My current understanding is that it desugars to lifetime bounds for every lifetime the type is parametrized in.

For instance &'a T: 'b would desugar to 'a: 'b as & are parametrized in 1 lifetime, and i32: 'a desugars to nothing, since there are no lifetime parameters (so it always holds true).

Could someone with more insight into rustc implementation confirm this? If there are nuances/differences and these are not equivalent, please correct my understanding.

Example:

fn test<'a, T: ?Sized>(p: &'a T)
where
    &'a i32: 'static,
{
}

fn test2<'a, T: ?Sized>(p: &'a T)
where
    'a: 'static,
{
}

fn main() {
    let string = String::from("hello");
    test(&string);
    test2(&string);
}

Both calls fail with the same error.
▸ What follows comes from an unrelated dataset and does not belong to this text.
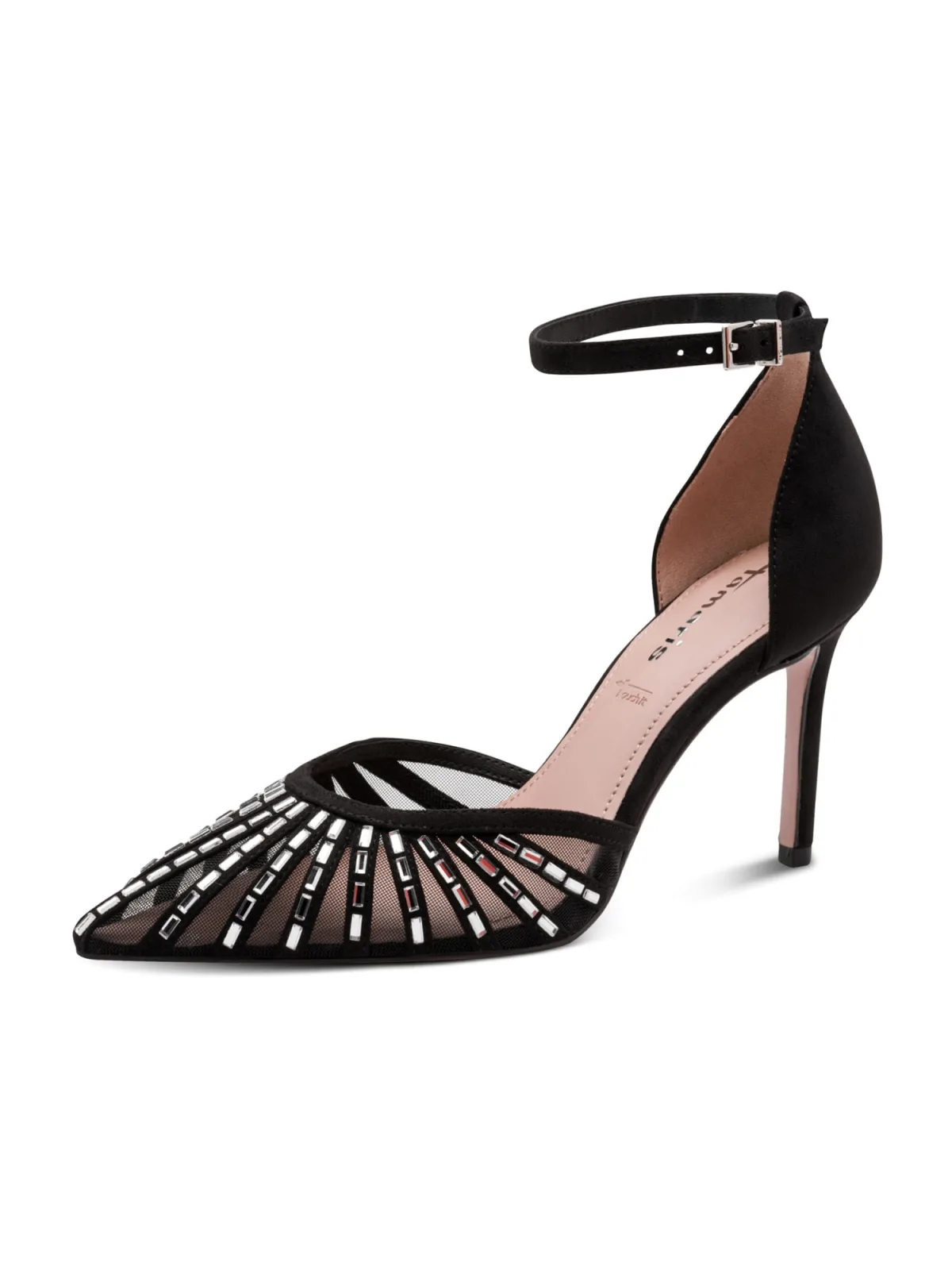 Design: Pumps met enkelbandje, Verstelbare taille; Type sluiting: Riemsluiting; Type hak: Stiletto; Materiaal: Imitatieleder; Materiaal: Imitatieleer; Schoenneus: Spitse neus; Extra's: Mesh, Applicaties, Vaste grip; Hakhoogte: Hoge hak (7-10 cm)

The i32 type used in the bound in test has nothing to do with concrete types I'm passing.

Answer 1

No, T<'a>: 'b is not syntax sugar or equivalent to 'a: b', it implies all references (also the unmentioned, invisible ones) in T have to live as long as well. So &'a X: 'b implies that 'a has to outlive 'b ('a: 'b), but additionally all references in X also have to outlive 'b.

If a value is to be valid for a lifetime, all references in it also have to live at least as long or else you have an invalid value.